05 – Process Lifecycle

Overview

Sound Forge Alchemy is a single OTP application (SoundForge.Application) that starts a flat supervision tree using the :one_for_one strategy. Each child process is independent – if one crashes, only that process restarts, leaving the rest of the system operational. The application manages database connections, PubSub messaging, background job processing, telemetry collection, and HTTP serving.


Supervision Tree

flowchart TD
    SUP["SoundForge.Supervisor\n(:one_for_one)"]

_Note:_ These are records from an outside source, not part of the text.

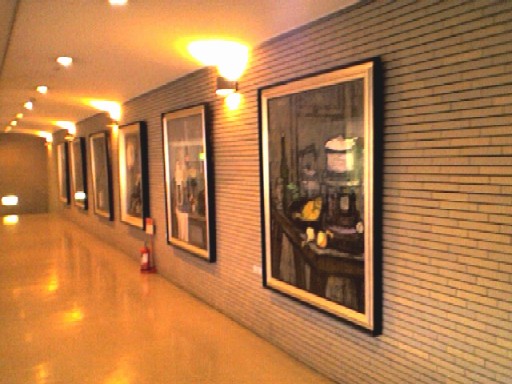 再開発ビル・壱番館2階に並んだ杉村作品。3階の市民図書館へのアプローチにもなっているのですが、みんなエレベーターで行ってしまうようです。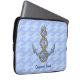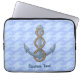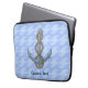 Anchor with rope illustration over waves light blue seamless background. Custom Text.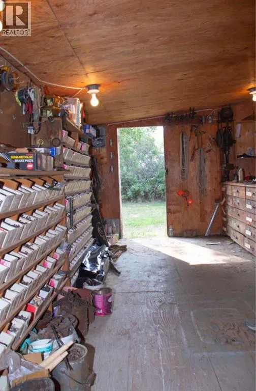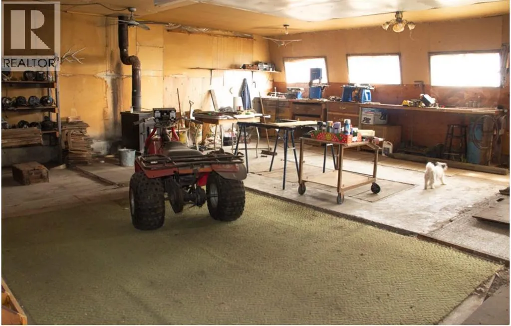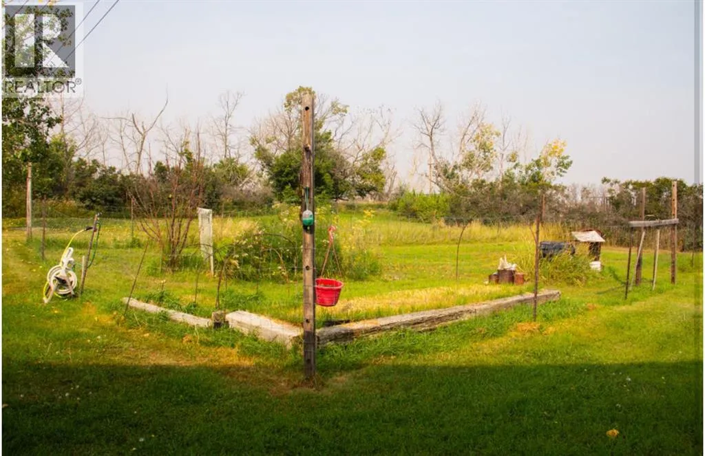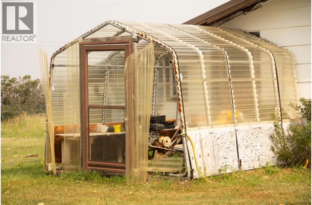 Discover the perfect balance of space, function, and country charm on this 10.06-acre fully fenced property, ideal for families, hobby farmers, or those seeking a versatile lifestyle. Located 15 minutes from Hanna, This home features 5 bedrooms and 2 full bathrooms, including an updated kitchen and a modernized lower bathroom, ensuring comfort and style throughout. An attached double garage, sunroom, and a versatile 514 sqft studio area expand your living options, while a small greenhouse and a 20â x 40â garden with mature asparagus patch, raised herb bed, and composter make farm-to-table living a reality. A cold storage room adds practical convenience. For those who need workspace, this property shines with a 50â x 20â shop complete with service pit and air hose line, plus an 8â x 20â powered workshop with tools included. Additional outbuildings include an animal barn with loft and two lean-tos. Equipment such as a 1960s tractor with bucket, forks, and blade (as is), a 2010 Craftsman riding mower with 46â deck, and an older Briggs & Stratton rototiller are included, offering value and opportunity. All buildings were constructed in 1970âs and have metal roofing. The shop is partially enclosed with a wood burning heater. The house has 6â walls and R40 insulation in the ceiling. Hot Water Tank, furnace and Windows all updated in 2010, water pump in 2012, kitchen renovations completed in 2025.Enjoy the outdoor lifestyle surrounded by a snow break lilac hedge that wraps the home and acreage. The length of the property along the main road is paved to keep dust minimal, while well water and septic services add to the self-sufficient. Donât miss this opportunity and call for your viewing today! (id:27476)

    SUP --> TEL["SoundForgeWeb.Telemetry\n(Supervisor)"]
    SUP --> REPO["SoundForge.Repo\n(Ecto/Postgrex connection pool)"]
    SUP --> DNS["DNSCluster\n(cluster discovery, :ignore in dev)"]
    SUP --> PS["Phoenix.PubSub\n(name: SoundForge.PubSub)"]
    SUP --> OBAN["Oban\n(background job processor)"]
    SUP --> EP["SoundForgeWeb.Endpoint\n(Bandit HTTP server)"]

    TEL --> TP[":telemetry_poller\n(periodic VM/app measurements every 10s)"]

    PS --> PG["PG adapter for distributed pub/sub"]

    OBAN --> ON["Oban.Notifier\n(PostgreSQL LISTEN/NOTIFY)"]
    OBAN --> OP["Oban.Peer\n(leadership election)"]
    OBAN --> OQD["Oban.Queue.Download\n(concurrency: 3)"]
    OBAN --> OQP["Oban.Queue.Processing\n(concurrency: 2)"]
    OBAN --> OQA["Oban.Queue.Analysis\n(concurrency: 2)"]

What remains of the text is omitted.